Отец запретил мне появляться на улице: ни в трамвайном парке, ни особенно в центре города. Но как только он ушел, я со второй Мещанской, где мы жили тогда в домах Солодовникова сейчас же устремился на звуки выстрелов. А доносились они от Красной площади. Добравшись до Большой Дмитровки, я присоединился к рабочим, которые вместе с солдатами запасного полка из Спасских казарм вели перестрелку с юнкерами.

Уж как старался я угодить каждому, только бы получить винтовку! Оружия не дали, но, когда потребовалось разведать обстановку у Большого театра, послали меня.
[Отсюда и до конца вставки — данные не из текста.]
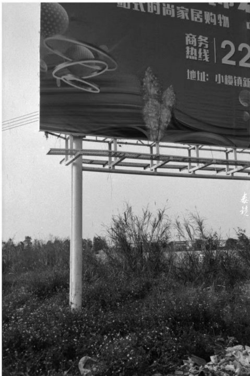
拍摄 光源F8 快门1/60s (曝光35s) 冲洗 1:50 Pdx显影 24°C/25分钟 地点 广东中山
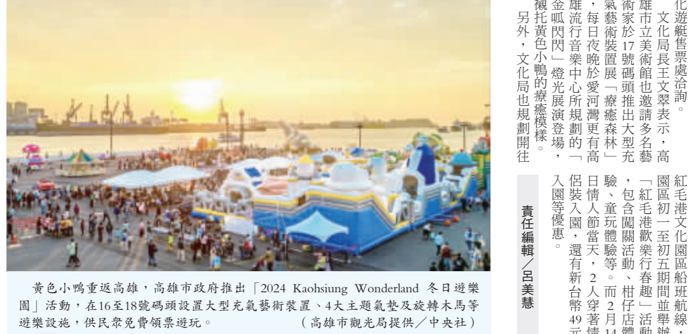
黃色小鴨重返高雄，高市府在16至18號碼頭設置大型充氣藝術裝置、4大主題氣墊及旋轉木馬等遊樂設施，供民眾免費領票遊玩。

Вернувшись из разведки, я доложил, что у Большого театра юнкеров нет, и наша группа заняла там новую позицию. Потом я бегал в штаб, в казармы, а ночью пошел с солдатами в разведку к гостинице «Метрополь».

Я провел в этом отряде трое суток. О возвращении домой и не думал. Хотя я был рабочим еще молодым (мне едва исполнилось шестнадцать лет), но втайне гордился, что принимаю участие в великом деле. Мальчишеское желание быть сильным и смелым вообще сменилось в эти дни осознанным стремлением отдать свои силы настоящему и большому делу — борьбе за Советскую власть. Я решил совсем остаться в этом отряде и 17 ноября 1917 года был официально зачислен в Красную гвардию.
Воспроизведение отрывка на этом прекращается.